▸ **Prompt**: Set down, unchanged, the line holding "EXCELLENT: The Rose" and all lines that follow it to the end of the material, leaving pictures out.

▸ **Data extract**:
* * *
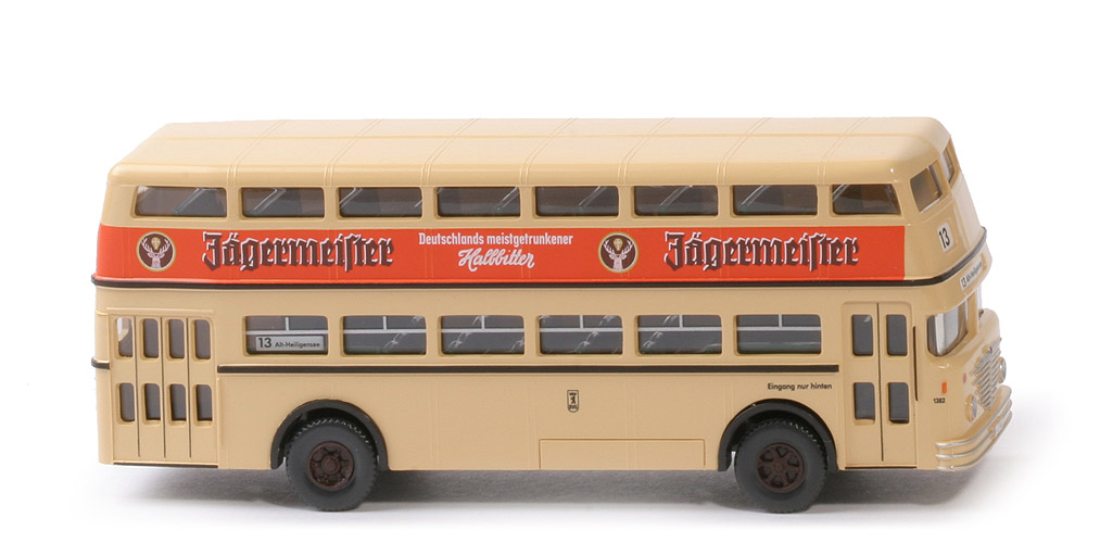 Karosserie Farbe | hellbeige | Karosserie Typ | Einstieg hinten geschlossen | Verglasung | klar | Fahrer Farbe | ca. basaltgrau | Fahrer Typ | Standardbusfahrer | Fahrer Bemalung | Gesicht | Lenkrad | separat, schwarz | Sitze Farbe | ca. patinagrün | hintere Fahrgastraumbegrenzung | ohne | Treppe hinten | ohne | Chassis Farbe | schwarz | Kardanelement Farbe | schwarz | Version Chassis | ohne kreisrunde Verstärkung | Bodenprägung | neues WIKING-Logo | Werbebeschriftung | Jägermeister ... (s. Foto) | Zielbeschriftung vorne | 13 , Alt-Heiligensee | Stadtwappen | schwarz | Art der Beschriftung | Druck | weitere Bedruckung vorne | Scheinwerfer, Büssing-Spinne, silber, ... | weitere Bedruckung hinten | 2 Rückleuchten rot, Jägermeister Logo. ... | Räder Typ | 12 mm, Profil grob | Felgen | Trilex, ca. schokobraun |
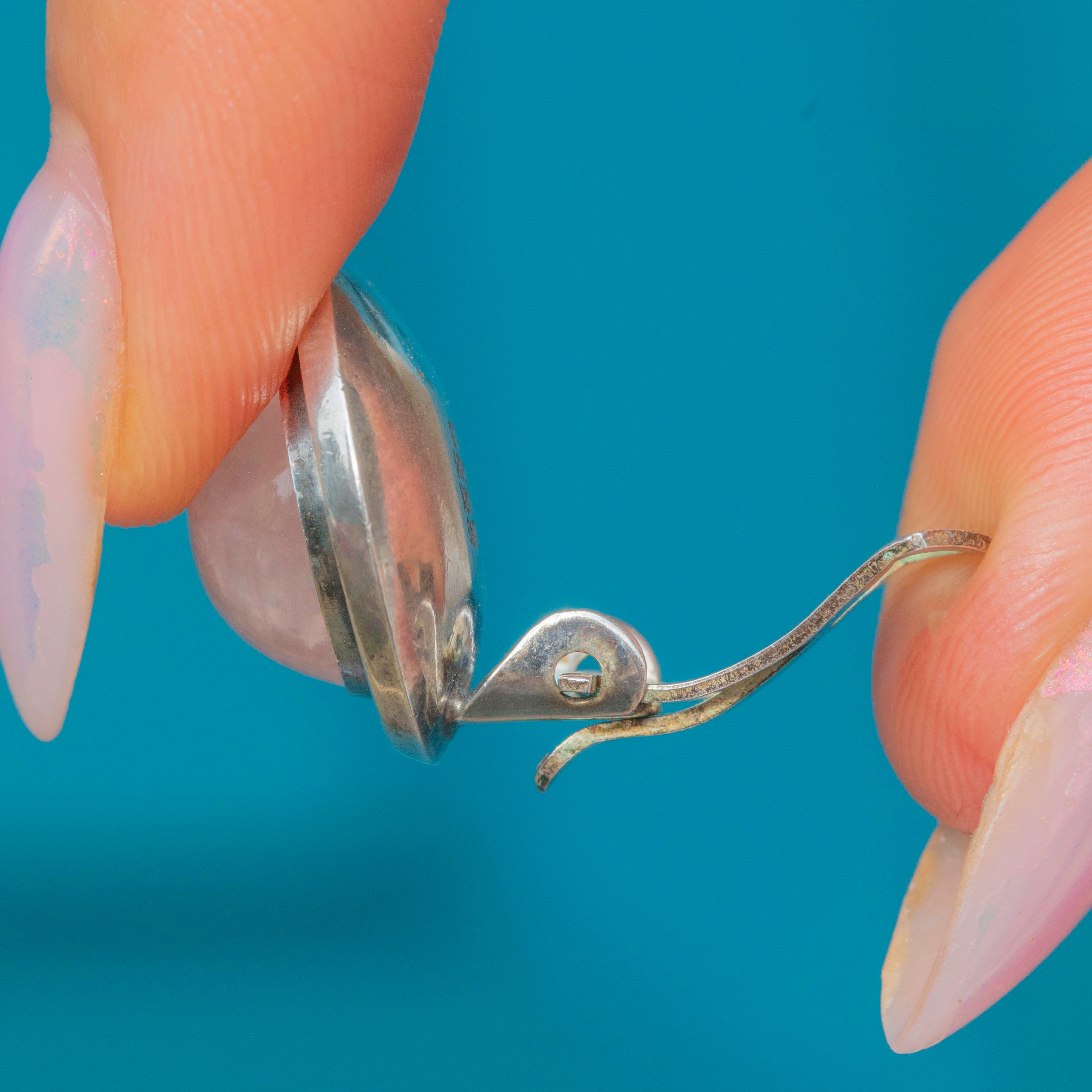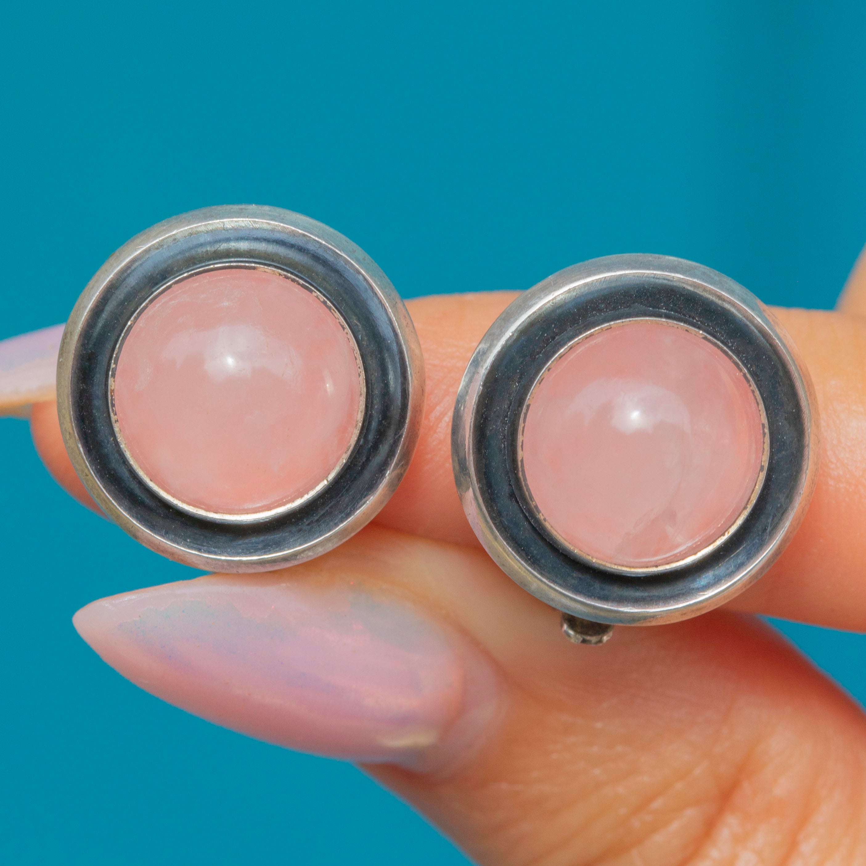 EXCELLENT: The Rose Quartz cabochons are perfectly smooth, with no chips or scuffs, and are held securely in their bezel settings. The Silver is lustrous and the patina sections add a wonderful contrast. The clip-ons are in perfect working order, allowing you to wear these vintage Danish earrings with absolute confidence!
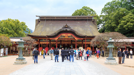 Fukuoka, Japan - December 10, 2015: Dazaifu shrine in Fukuoka, Japan on December 10, 2015. Built over Sugawara no Michizane's grave, one of main shrines dedicated to Tenjin, the deified form of Michizane.
* * *
▸ **Response area**:
 EXCELLENT: The Rose Quartz cabochons are perfectly smooth, with no chips or scuffs, and are held securely in their bezel settings. The Silver is lustrous and the patina sections add a wonderful contrast. The clip-ons are in perfect working order, allowing you to wear these vintage Danish earrings with absolute confidence!
 Fukuoka, Japan - December 10, 2015: Dazaifu shrine in Fukuoka, Japan on December 10, 2015. Built over Sugawara no Michizane's grave, one of main shrines dedicated to Tenjin, the deified form of Michizane.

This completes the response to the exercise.